PARIS (Reuters) – The main European stock markets are expected to rise at the opening on Monday, in a wait-and-see context before the publication of inflation data in the United States and Europe this week.

The first available indications indicate that the Parisian CAC 40 would increase by 0.19% at the opening.
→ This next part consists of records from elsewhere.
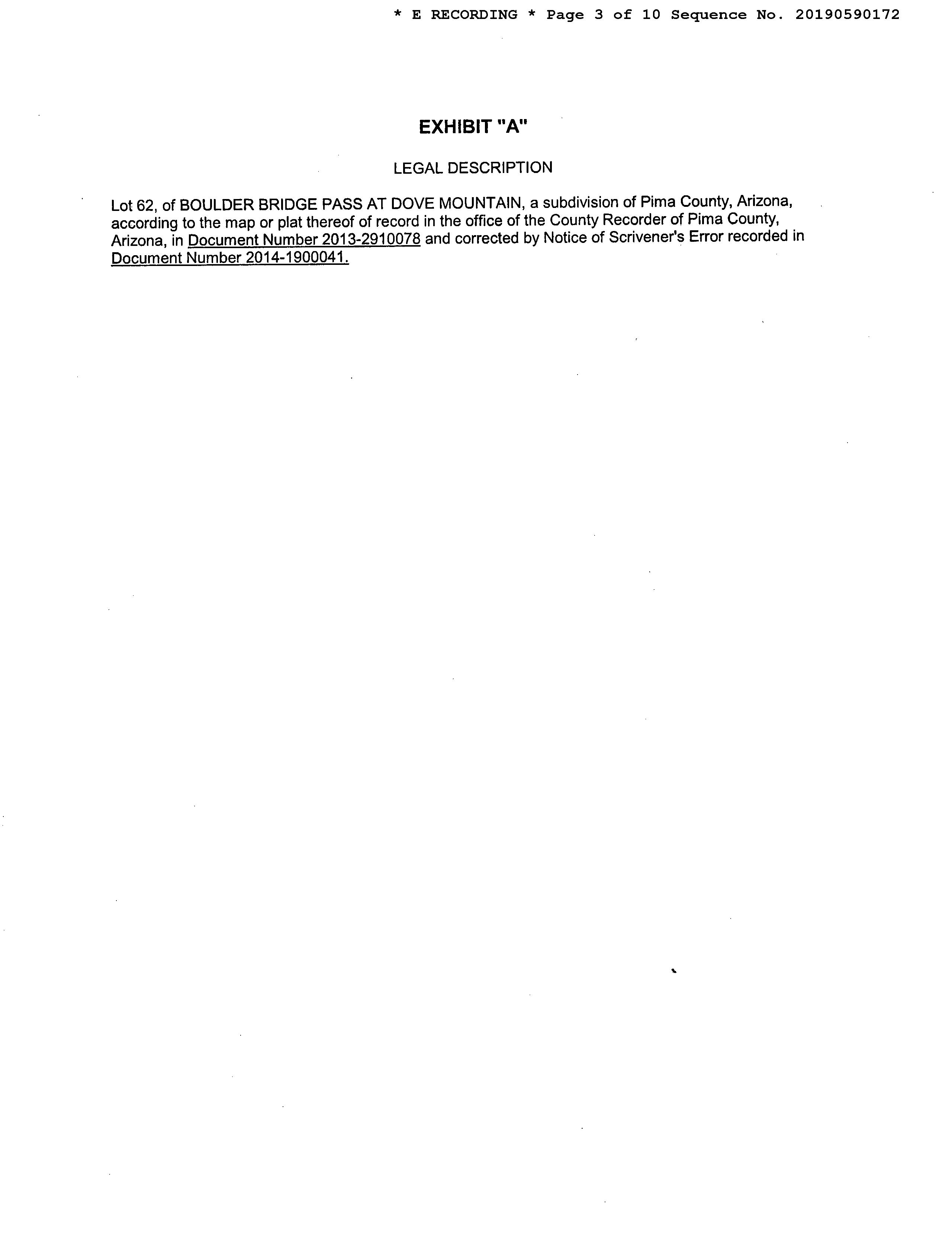 Legal Description : Boulder Bridge Pass At Dove Mountain Lot 62 Sq20132910078
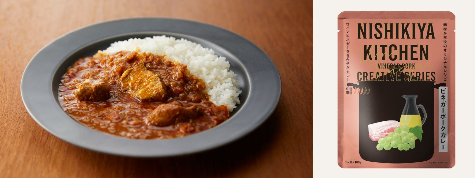 ニシキヤキッチンのインドカレーシリーズにもポークビンダルがありますが、「ビネガーポークカレー」はその味わいをお手本にしながらも、スパイスは控えめで誰もがおいしく食べられる味わいを目指しました。
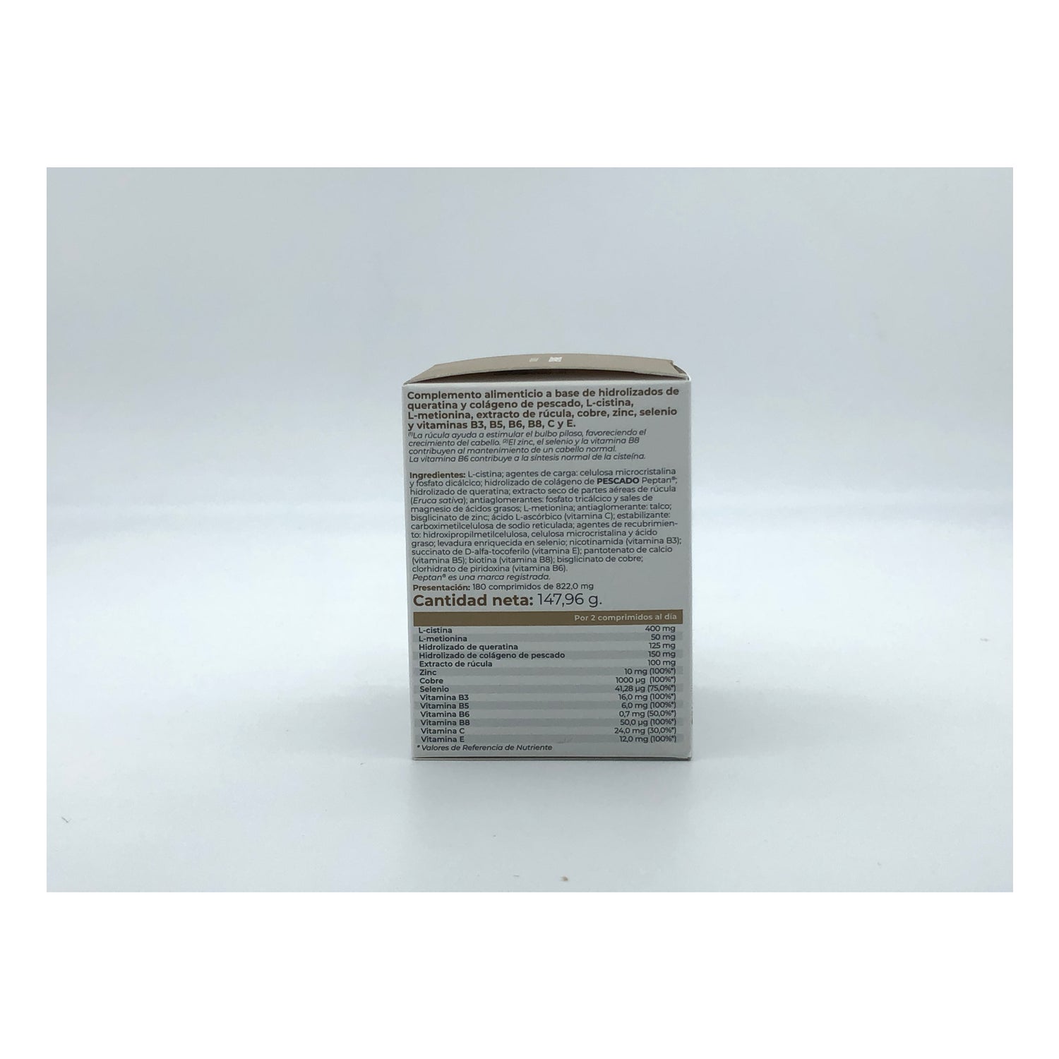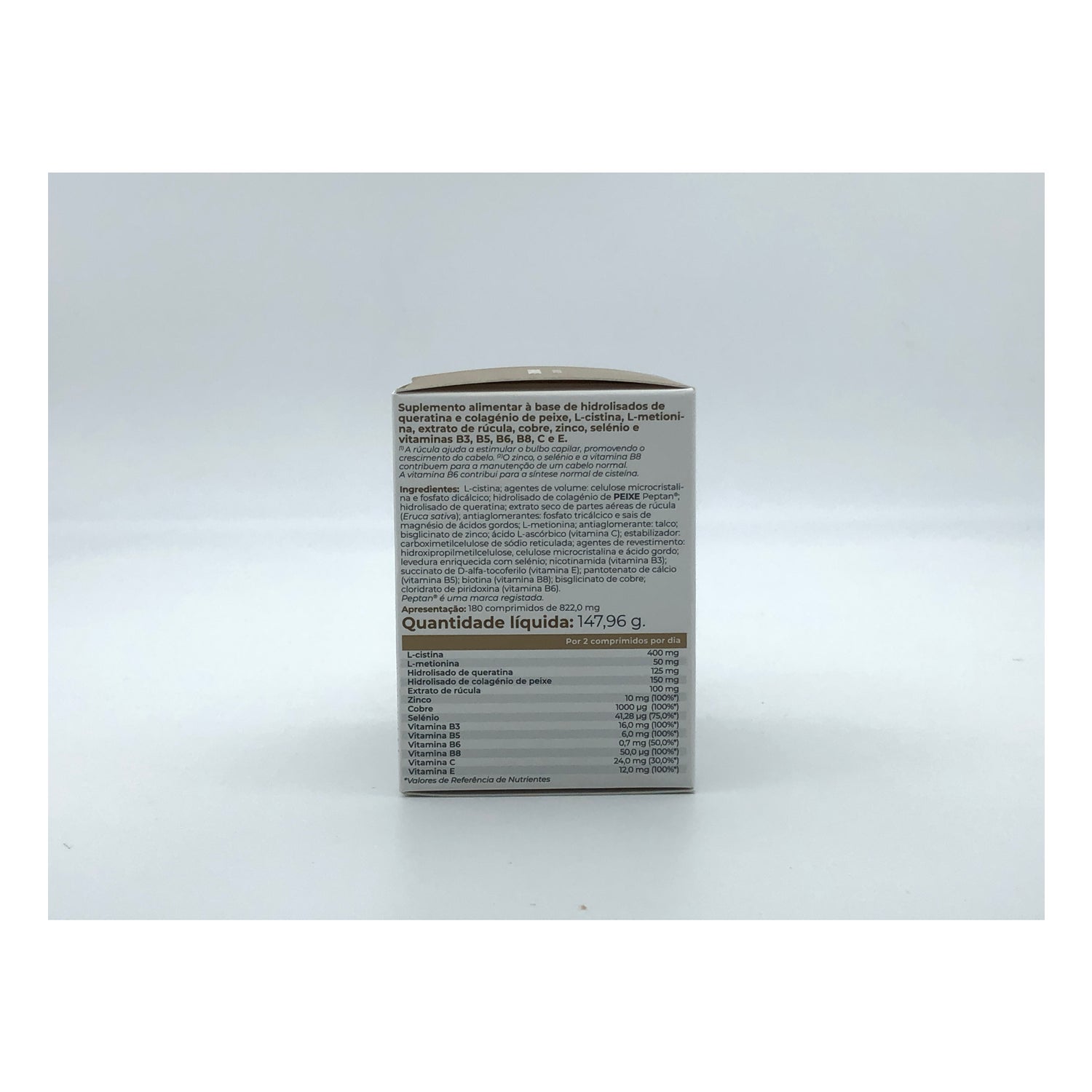 É formulado com extractos de plantas, cistina, vitaminas, crómio, cobre e selénio, que ajudam a fortalecer a fibra capilar.

Futures contracts on the FTSE in London suggest an opening advance of 0.15%, compared to 0.15% for the Dax in Frankfurt, and 0.24% for the EuroStoxx 50.

The path of the Federal Reserve’s rates continues to dictate the tone of the markets: investors have not paid attention to either the rise in inflation expectations suggested by the Michigan confidence indicator, published on Friday, nor to the fall in outlook for the United States’ rating to “negative” by the rating agency Moody’s.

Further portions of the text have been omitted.